Since the justification for this change appears to be that the IDEs
might help write people write bad code, why not look to the IDEs to
generate a warning when using Optional.get outside of the context of
Optional.isPresent?
In other words, is this really such a good change?
-- Jon
On 04/25/2016 04:14 PM, Stuart Marks wrote:
One of the changes in the langtools webrev
http://cr.openjdk.java.net/~smarks/reviews/8140281/webrev.0.langtools/
is in the compiler. Please review.
Thanks,
s'marks
-------- Forwarded Message --------
Subject: RFR(m): 8140281 deprecate Optional.get()

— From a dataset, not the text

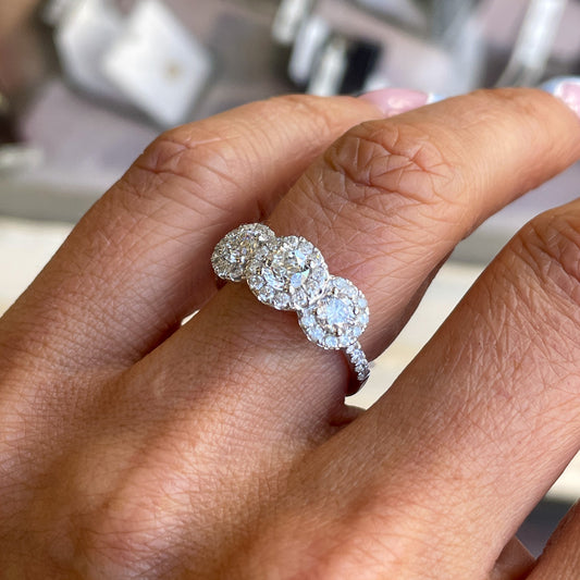 18ct White Gold 1.70ct Diamond Trilogy Garland Ring | Diamond Shoulders

Date: Mon, 25 Apr 2016 16:05:13 -0700
From: Stuart Marks <stuart.ma...@oracle.com>
To: core-libs-dev <core-libs-dev@openjdk.java.net>
Hi all,
Please review these webrevs that deprecate Optional.get() and to
replace it with Optional.getWhenPresent(). The corresponding changes
are also applied to OptionalDouble.getAsDouble(),
OptionalInt.getAsInt(), and OptionalLong.getAsLong().
Unlike most deprecations, this isn't about the function or the utility
of some API, it's about the name. The solution is basically to rename
the API. The problem is that "get" shows up as the "obvious" choice in
things like IDE code completion, leading to code that mishandles empty
Optionals. Typical Stack Overflow discourse runs something like this:
Q: what do I do with this Optional thing
A: just call get()
Q: thanks, it works!
Of course, it works until it doesn't.
Examining the JDK's use of Optional.get(), I didn't see very many
cases that called get() without first checking for the presence of a
value. But I did see quite a number of cases like this:
if (opt.isPresent()) {
doSomething(opt.get());
} else {
doSomethingElse();
}
In many of these cases, the code could be refactored to use other
Optional methods such as filter(), map(), or ifPresent().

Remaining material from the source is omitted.